Task to carry out: Word for word, output the data, with none of its pictures.

Data shown:
__________

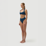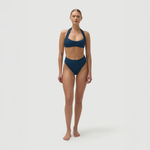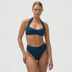 The Mikey Top in Poseidon by FELLA is a halter bikini top with a long back tie and easy medium coverage.
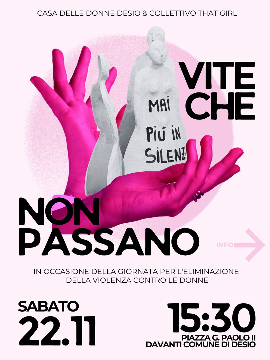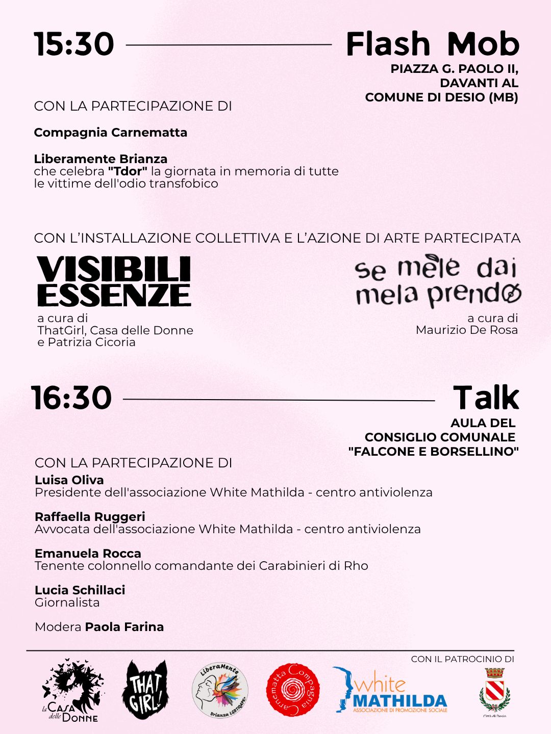 - Sabato 22 novembre: ore 15:30 davanti al Comune in piazza Giovanni Paolo II, a cura dell’APS Casa delle Donne di Desio: flash mob dal titolo "Vite che non passano"; a seguire, in Sala Consiliare, tavola rotonda sul tema della violenza di genere, con la partecipazione dell'associazione White Mathilda;
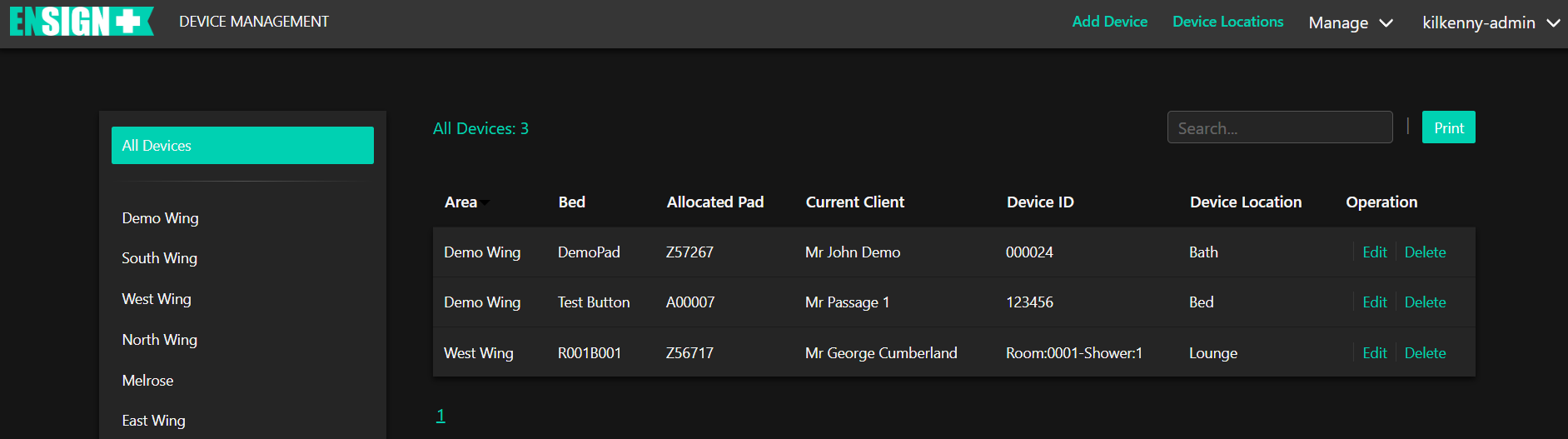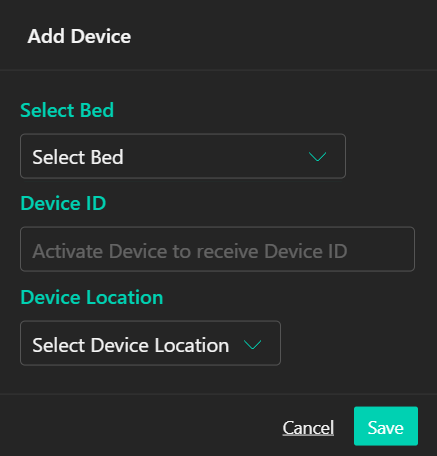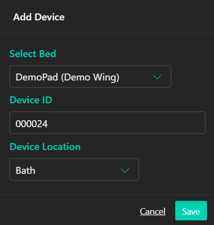 The Edit box uses the same options as adding a Device. Select the bed and Device Location. A device may be assigned to another room if you have moved it.

__________

Task solution:
 The Mikey Top in Poseidon by FELLA is a halter bikini top with a long back tie and easy medium coverage.
 - Sabato 22 novembre: ore 15:30 davanti al Comune in piazza Giovanni Paolo II, a cura dell’APS Casa delle Donne di Desio: flash mob dal titolo "Vite che non passano"; a seguire, in Sala Consiliare, tavola rotonda sul tema della violenza di genere, con la partecipazione dell'associazione White Mathilda;
 The Edit box uses the same options as adding a Device. Select the bed and Device Location. A device may be assigned to another room if you have moved it.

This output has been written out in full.